SourceForge Headquarters 225 Broadway Suite 1600 San Diego, CA 92101 +1 (858) 422-6466

--- At Tue, 16 Apr 2002 20:28:56 +0200, Baptiste Lepilleur wrote:

>----- Original Message -----
>From: "Duane Murphy" <dua...@ma...>
>To: "Baptiste Lepilleur" <gai...@fr...>; "CppUnit Developers"
><cpp...@li...>
>Sent: Tuesday, April 16, 2002 5:28 PM
>Subject: Re: [Cppunit-devel] Toward True Unicode Code... Help requested
>
>
>> --- At Tue, 16 Apr 2002 13:51:54 +0200, Baptiste Lepilleur wrote:
>> >----- Original Message -----
>> >From: "Duane Murphy" <dua...@ma...>
>> >To: "Baptiste Lepilleur" <gai...@fr...>; "CppUnit Developers"
>> ><cpp...@li...>
>> >Sent: Tuesday, April 16, 2002 1:37 AM
>> >Subject: Re: [Cppunit-devel] Toward True Unicode Code... Help requested
>> >
>> >
>> >> --- At Mon, 15 Apr 2002 23:32:29 +0200, Baptiste Lepilleur wrote:
>> >>
>> >> >----- Original Message -----
>> >> >From: "Duane Murphy" <dua...@ma...>
>> >> >To: "CppUnit Developers" <cpp...@li...>
>> >> >Sent: Sunday, April 14, 2002 7:35 PM
>> >> >Subject: Re: [Cppunit-devel] Toward True Unicode Code... Help
>requested
>> >> >
>> >[...]
>> >> I hope I understand the question. If I output a string that includes a
>> >> '\n' in a stream, and some other process is parsing that stream, will
>> >> '\n' be unique?
>> >>
>> >> The answer is yes! I was equally stunned to here this. Once a shift
>> >> character is seen that identifies that following characters as unicode,
>> >> then none of the bytes that are part of that unicode "character" will
>be
>> >> less than 128! This is what makes UTF-8 work. All characters <128 are
>> >> always ASCII!
>> >
>> >Great, that means even ouputters relying on that are compatible with UTF8
>> >(CompilerOutputter which as some line wrapping code).
>>
>> I want to make sure that this question is properly understood. If you are
>> just searching for '\n' in a stream or string then that will work fine.
>> If you are looking to insert '\n' (or any other characters) at some
>> position then things get complicated.
>
>You understood the question well. It's me who did not have all my head when
>I answered. Indeed I insert '\n', which make it not UTF8 compatible.
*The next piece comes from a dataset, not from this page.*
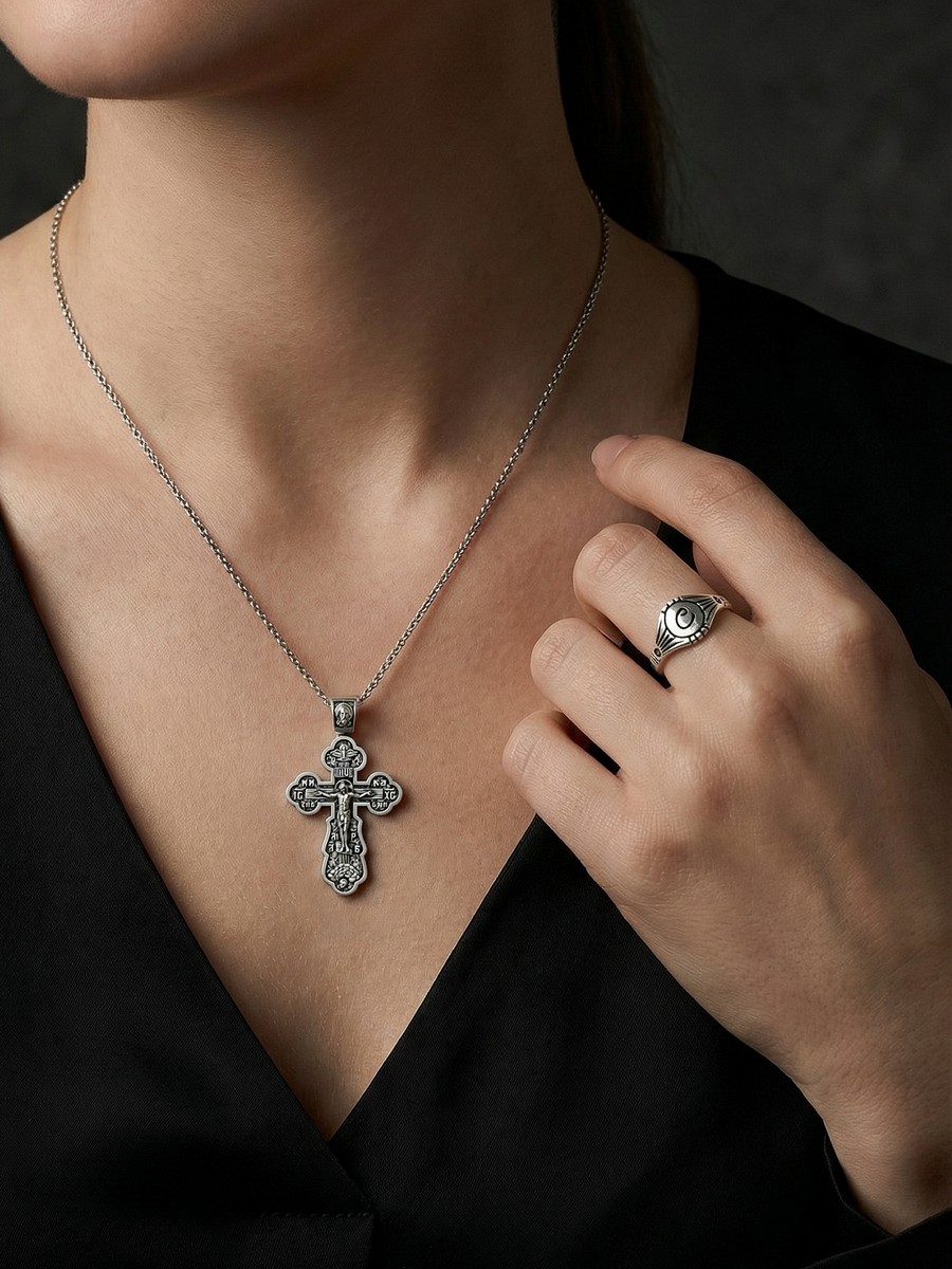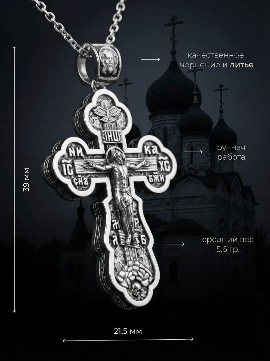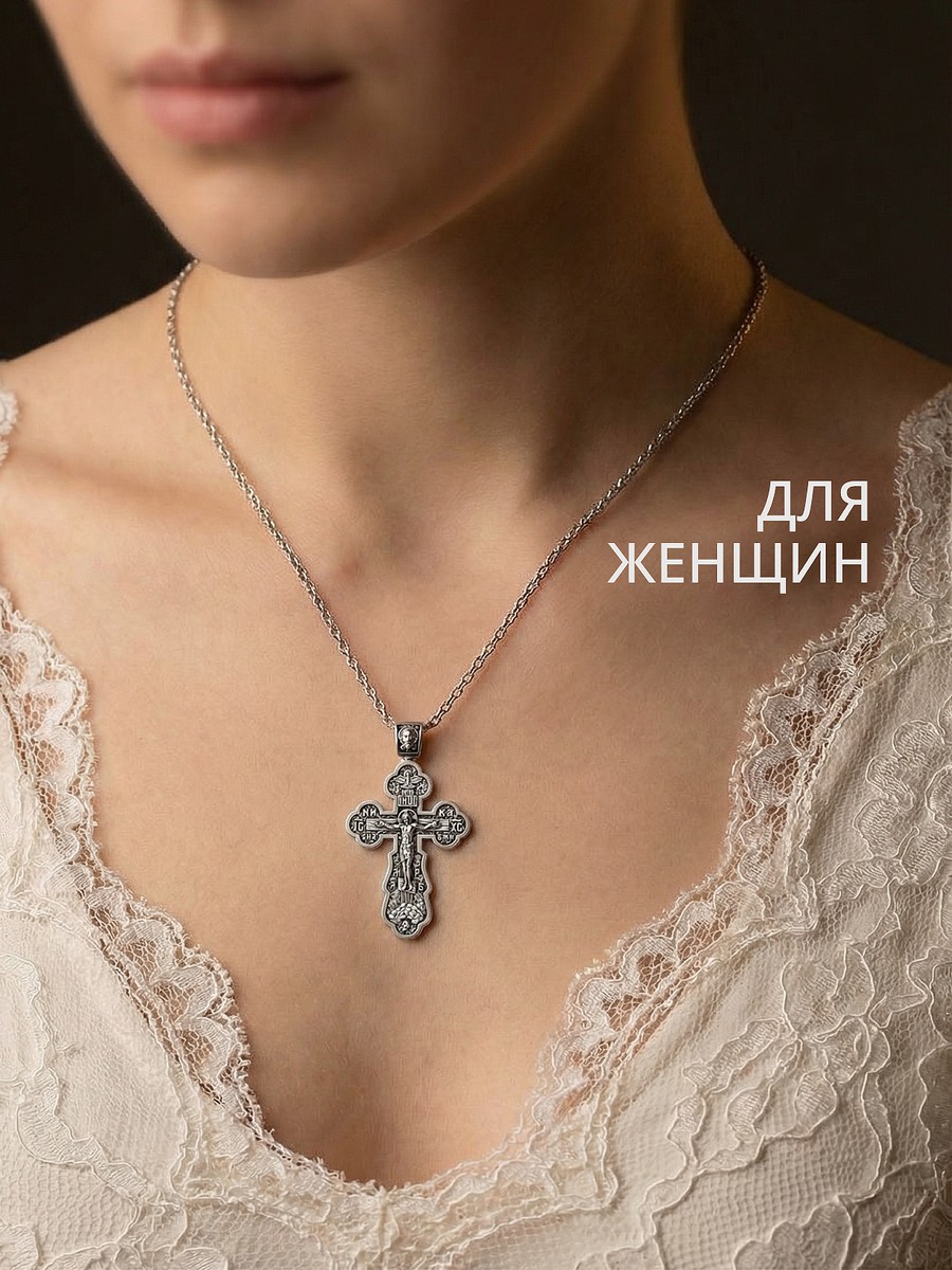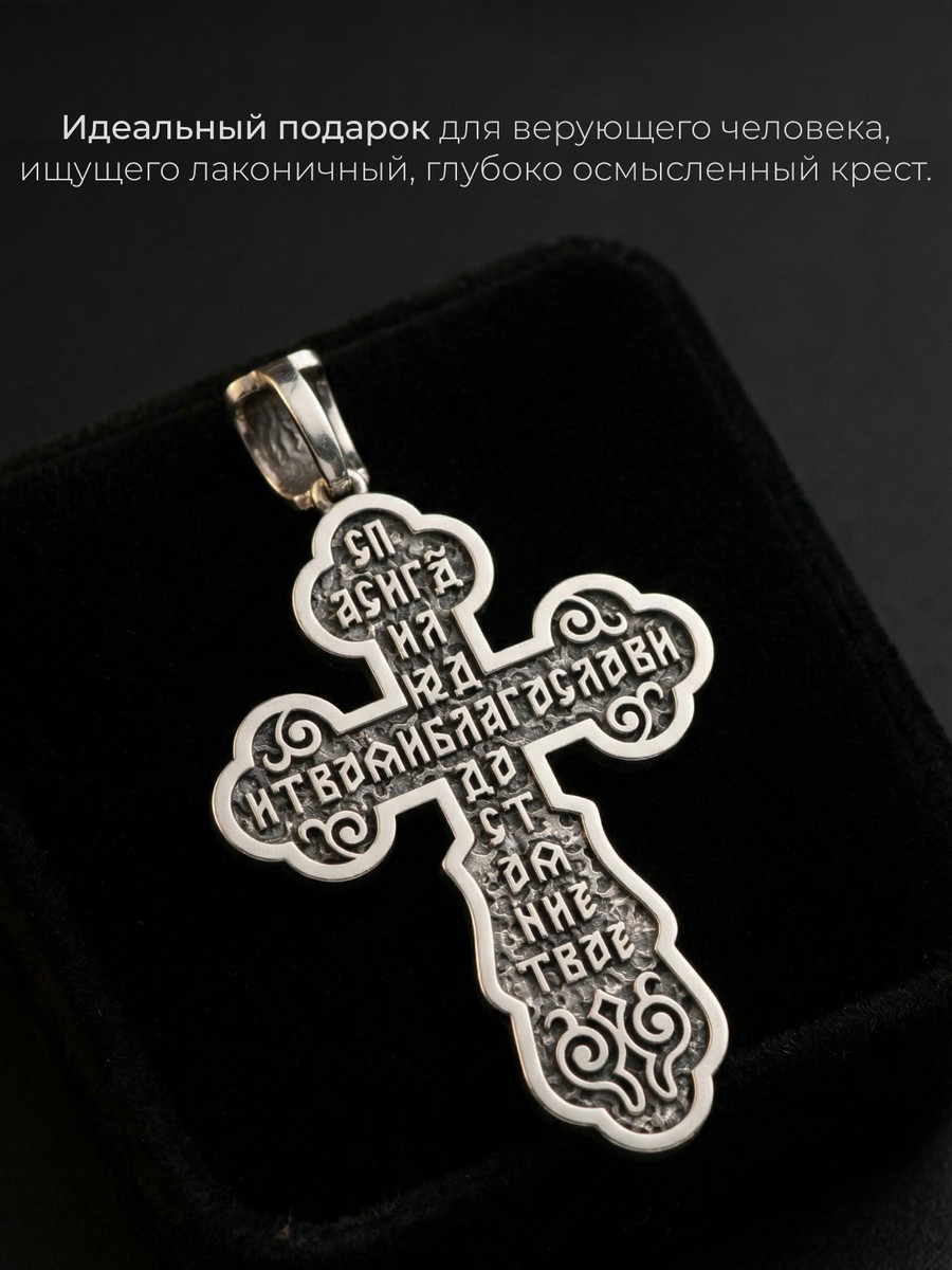 Подвеска 1001 выполнена из серебра 925 пробы и украшена натуральными вставками: б/к Животворящему Кресту Господню карат

This is
>an issue that will need to be addressed in the future.

This is where I have hopes of the standards committee adding something to
the standard to address unicode support. Presently there is no standard
API for identifying character boundaries. I suspect its not that hard to
do by hand but its also something that most OS's provide an interface for.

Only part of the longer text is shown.